Data ::
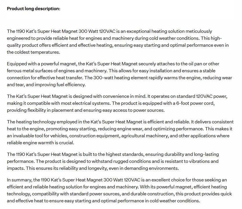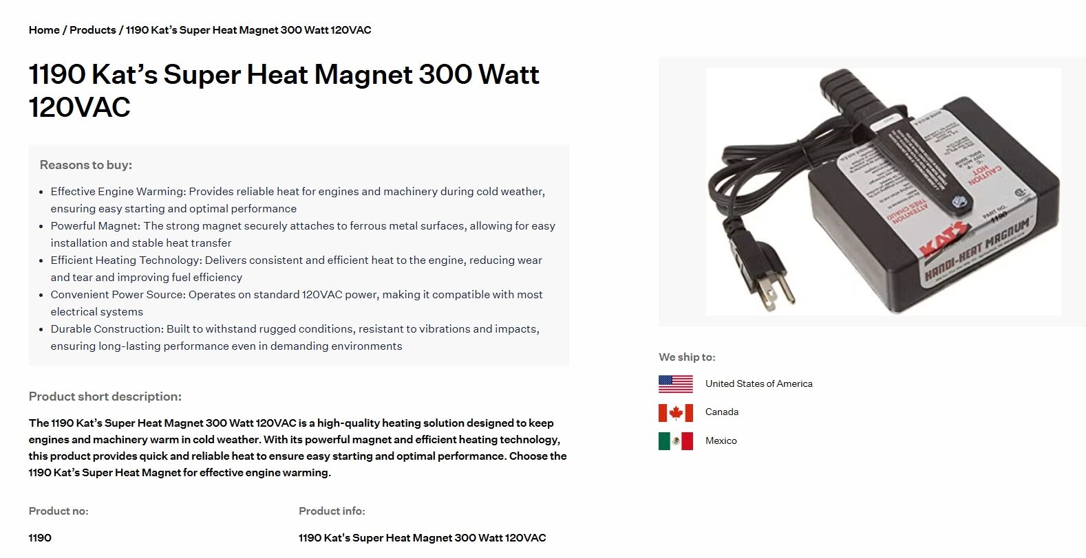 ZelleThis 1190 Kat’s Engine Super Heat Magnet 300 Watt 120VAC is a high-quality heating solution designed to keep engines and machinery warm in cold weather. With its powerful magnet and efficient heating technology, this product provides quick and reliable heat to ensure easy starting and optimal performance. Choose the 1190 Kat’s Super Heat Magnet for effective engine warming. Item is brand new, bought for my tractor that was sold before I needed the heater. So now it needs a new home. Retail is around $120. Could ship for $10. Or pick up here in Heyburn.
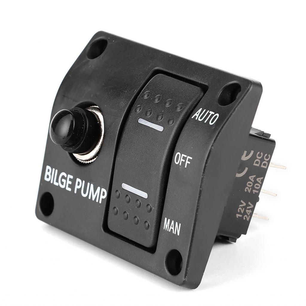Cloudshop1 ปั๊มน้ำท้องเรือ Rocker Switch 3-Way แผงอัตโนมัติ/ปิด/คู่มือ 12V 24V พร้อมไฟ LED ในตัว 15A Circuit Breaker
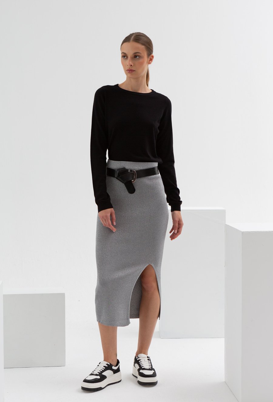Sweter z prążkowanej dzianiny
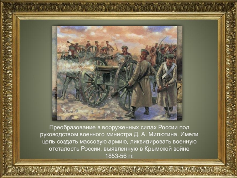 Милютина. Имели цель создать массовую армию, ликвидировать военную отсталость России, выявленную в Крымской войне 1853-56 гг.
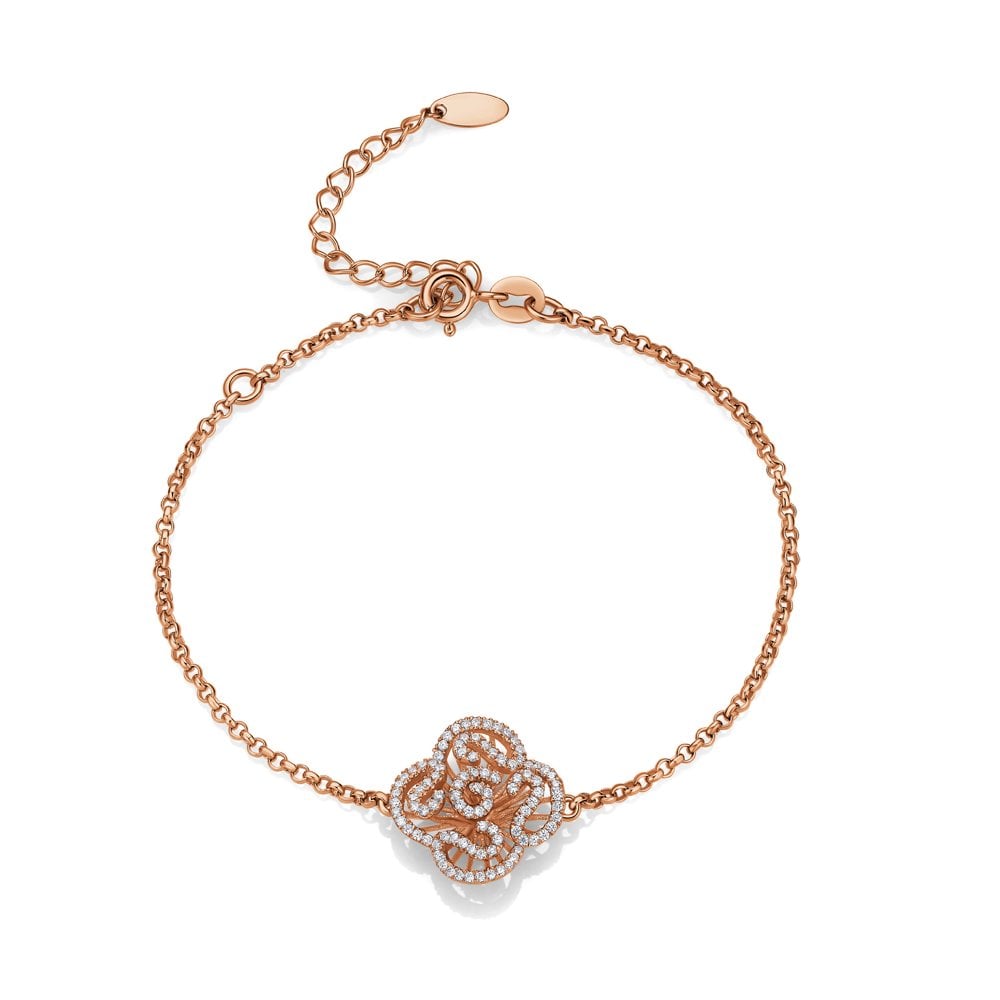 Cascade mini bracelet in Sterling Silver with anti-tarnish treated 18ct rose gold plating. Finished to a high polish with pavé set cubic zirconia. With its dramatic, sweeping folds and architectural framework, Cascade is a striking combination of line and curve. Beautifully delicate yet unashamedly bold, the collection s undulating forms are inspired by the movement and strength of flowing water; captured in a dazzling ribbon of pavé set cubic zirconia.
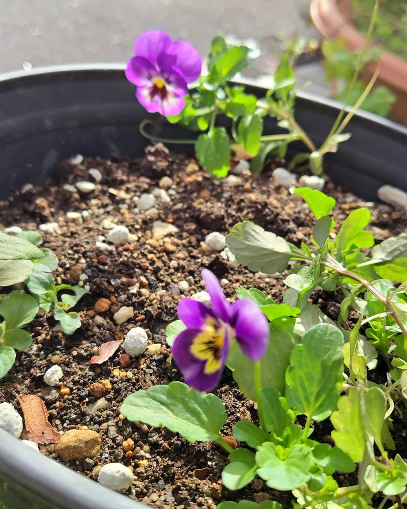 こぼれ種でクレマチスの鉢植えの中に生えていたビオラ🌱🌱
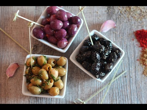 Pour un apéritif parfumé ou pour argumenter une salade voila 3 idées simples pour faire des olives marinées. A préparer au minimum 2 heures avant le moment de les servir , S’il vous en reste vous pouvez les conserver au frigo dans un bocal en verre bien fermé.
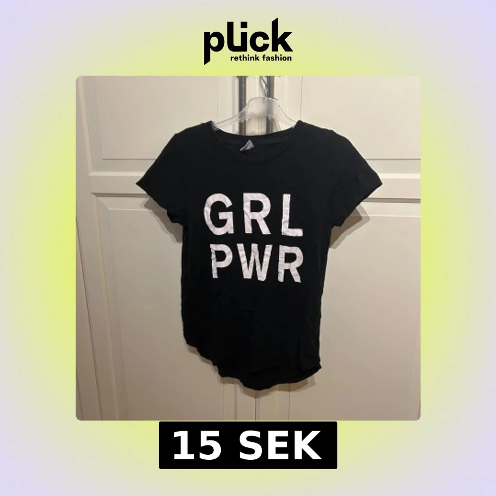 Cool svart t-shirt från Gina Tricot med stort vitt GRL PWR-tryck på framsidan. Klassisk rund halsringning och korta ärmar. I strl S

Task requirements ::
Go back to the entries above and restate word for word every line from the first through the one that contains "こぼれ種でクレマチスの鉢植えの中に生えていたビオラ🌱🌱", leaving the pictures behind.

Task result ::
 ZelleThis 1190 Kat’s Engine Super Heat Magnet 300 Watt 120VAC is a high-quality heating solution designed to keep engines and machinery warm in cold weather. With its powerful magnet and efficient heating technology, this product provides quick and reliable heat to ensure easy starting and optimal performance. Choose the 1190 Kat’s Super Heat Magnet for effective engine warming. Item is brand new, bought for my tractor that was sold before I needed the heater. So now it needs a new home. Retail is around $120. Could ship for $10. Or pick up here in Heyburn.
Cloudshop1 ปั๊มน้ำท้องเรือ Rocker Switch 3-Way แผงอัตโนมัติ/ปิด/คู่มือ 12V 24V พร้อมไฟ LED ในตัว 15A Circuit Breaker
Sweter z prążkowanej dzianiny
 Милютина. Имели цель создать массовую армию, ликвидировать военную отсталость России, выявленную в Крымской войне 1853-56 гг.
 Cascade mini bracelet in Sterling Silver with anti-tarnish treated 18ct rose gold plating. Finished to a high polish with pavé set cubic zirconia. With its dramatic, sweeping folds and architectural framework, Cascade is a striking combination of line and curve. Beautifully delicate yet unashamedly bold, the collection s undulating forms are inspired by the movement and strength of flowing water; captured in a dazzling ribbon of pavé set cubic zirconia.
 こぼれ種でクレマチスの鉢植えの中に生えていたビオラ🌱🌱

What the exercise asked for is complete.